Each line in the material below, starting at the one that contains "共布 栞 茶道具 本物保証" and ending at the one that contains "These size 11", should be repeated exactly; the pictures should not.

§ DATA EXTRACT:

╔══

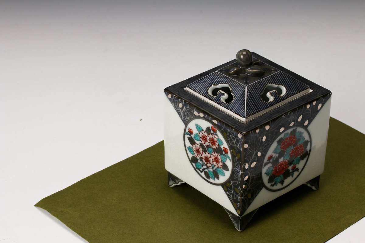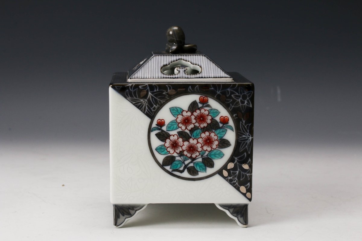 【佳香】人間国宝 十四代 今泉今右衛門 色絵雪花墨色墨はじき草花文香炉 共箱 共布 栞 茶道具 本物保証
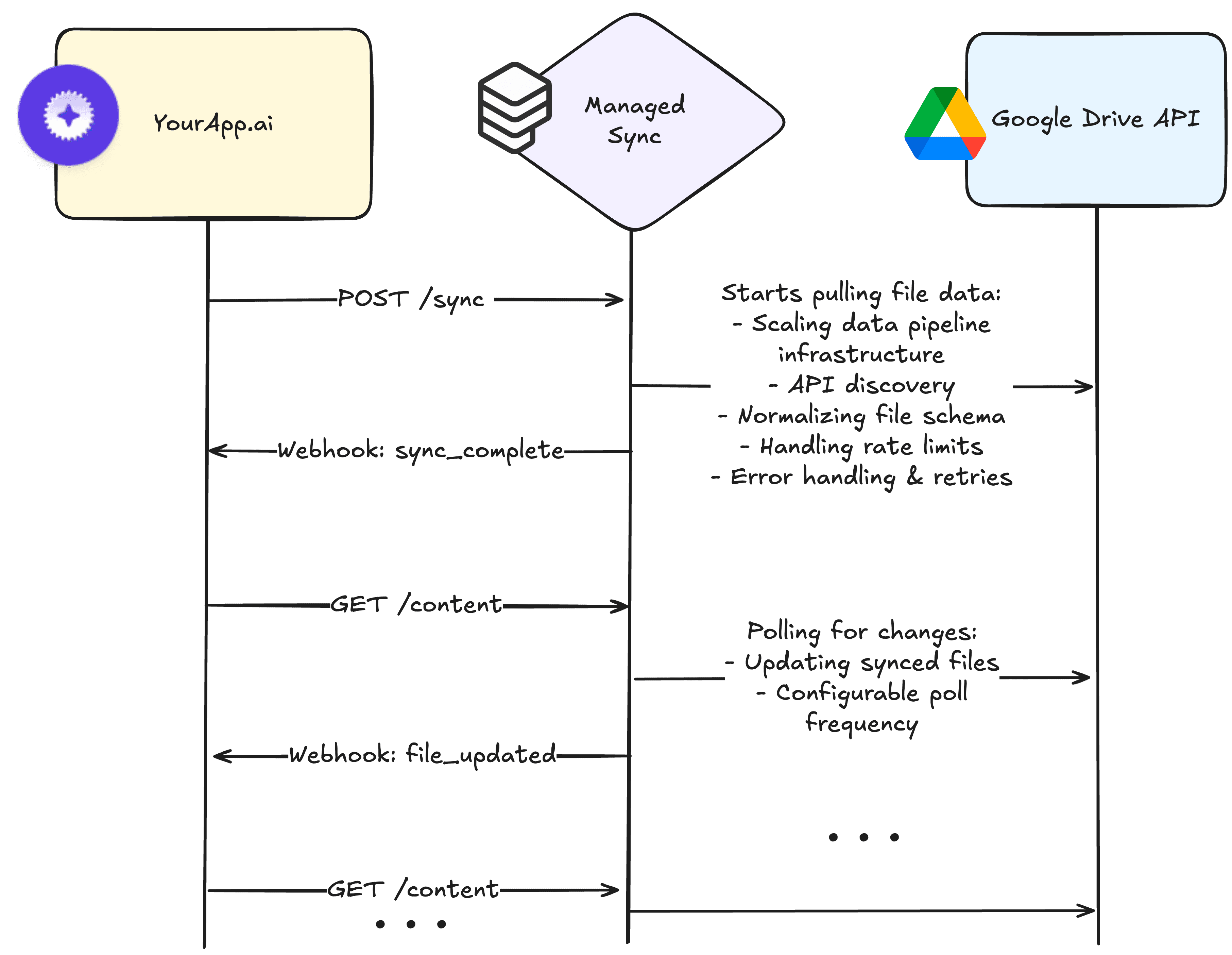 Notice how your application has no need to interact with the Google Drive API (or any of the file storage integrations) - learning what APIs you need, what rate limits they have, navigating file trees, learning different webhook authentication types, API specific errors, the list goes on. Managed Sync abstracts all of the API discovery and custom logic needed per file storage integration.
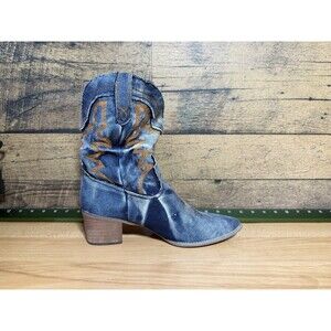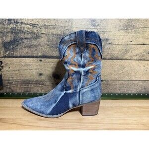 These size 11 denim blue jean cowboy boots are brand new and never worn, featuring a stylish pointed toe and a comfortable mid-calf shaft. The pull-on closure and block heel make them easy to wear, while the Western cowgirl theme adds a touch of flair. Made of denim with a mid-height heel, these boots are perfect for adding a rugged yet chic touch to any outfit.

╚══
╔══

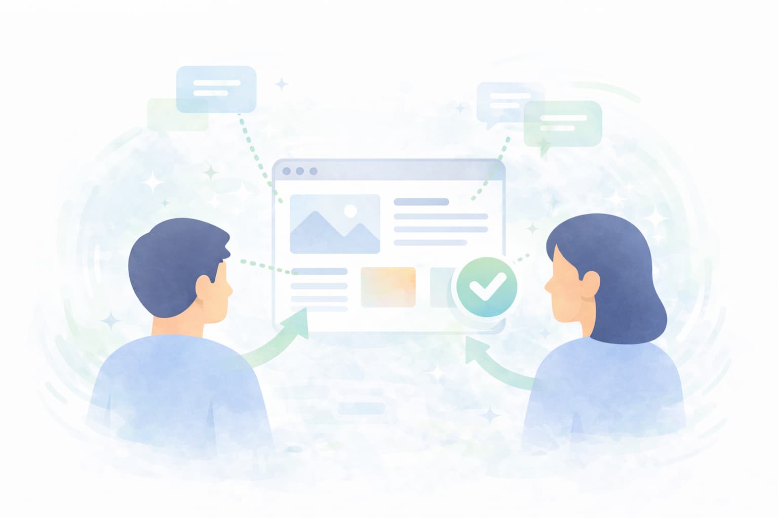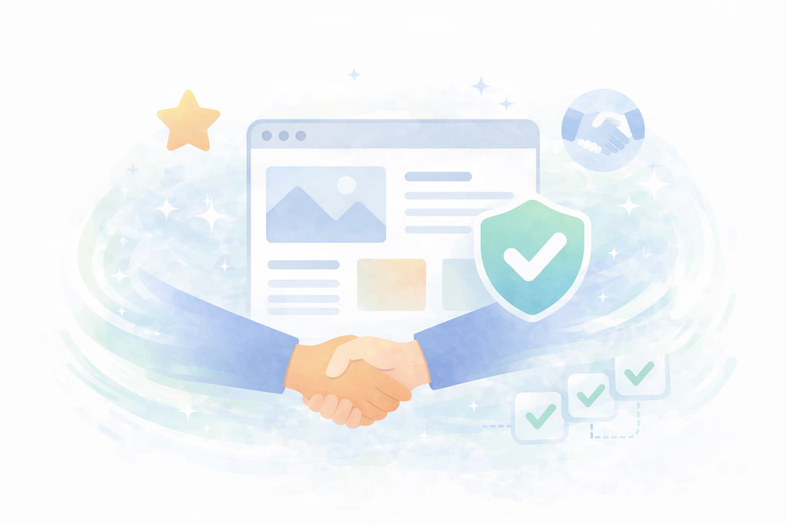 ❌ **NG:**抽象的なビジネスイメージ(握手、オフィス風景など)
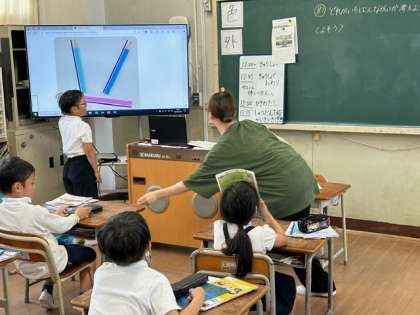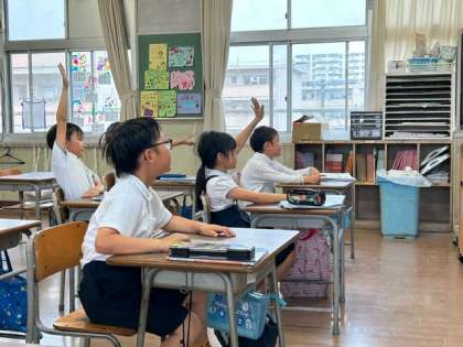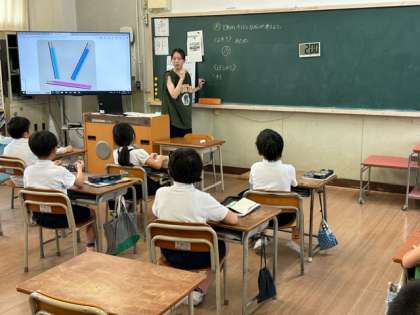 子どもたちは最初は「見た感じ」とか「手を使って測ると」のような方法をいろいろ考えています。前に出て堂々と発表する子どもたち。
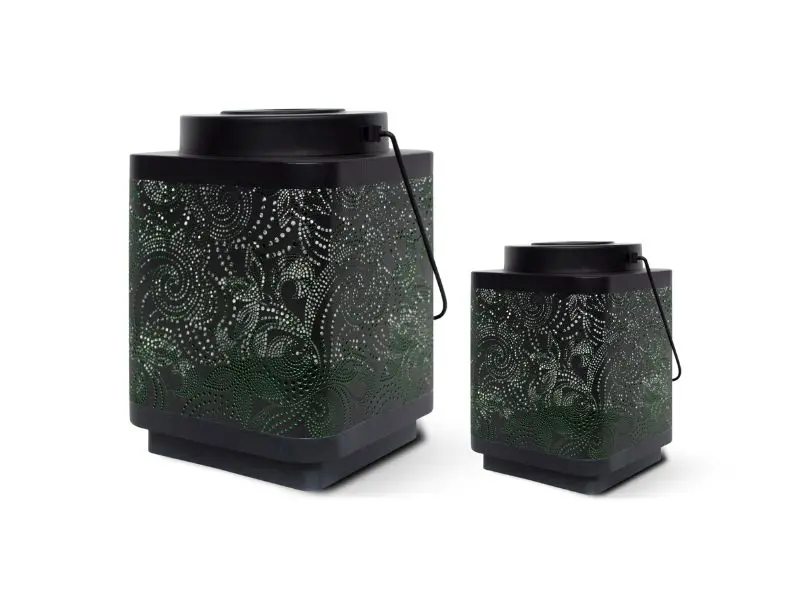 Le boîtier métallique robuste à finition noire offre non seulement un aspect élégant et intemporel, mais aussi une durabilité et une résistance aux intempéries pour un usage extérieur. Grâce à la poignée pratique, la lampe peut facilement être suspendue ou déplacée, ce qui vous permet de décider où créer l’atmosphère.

╚══

§ ANSWER TO THIS PROBLEM:
 【佳香】人間国宝 十四代 今泉今右衛門 色絵雪花墨色墨はじき草花文香炉 共箱 共布 栞 茶道具 本物保証
 Notice how your application has no need to interact with the Google Drive API (or any of the file storage integrations) - learning what APIs you need, what rate limits they have, navigating file trees, learning different webhook authentication types, API specific errors, the list goes on. Managed Sync abstracts all of the API discovery and custom logic needed per file storage integration.
 These size 11 denim blue jean cowboy boots are brand new and never worn, featuring a stylish pointed toe and a comfortable mid-calf shaft. The pull-on closure and block heel make them easy to wear, while the Western cowgirl theme adds a touch of flair. Made of denim with a mid-height heel, these boots are perfect for adding a rugged yet chic touch to any outfit.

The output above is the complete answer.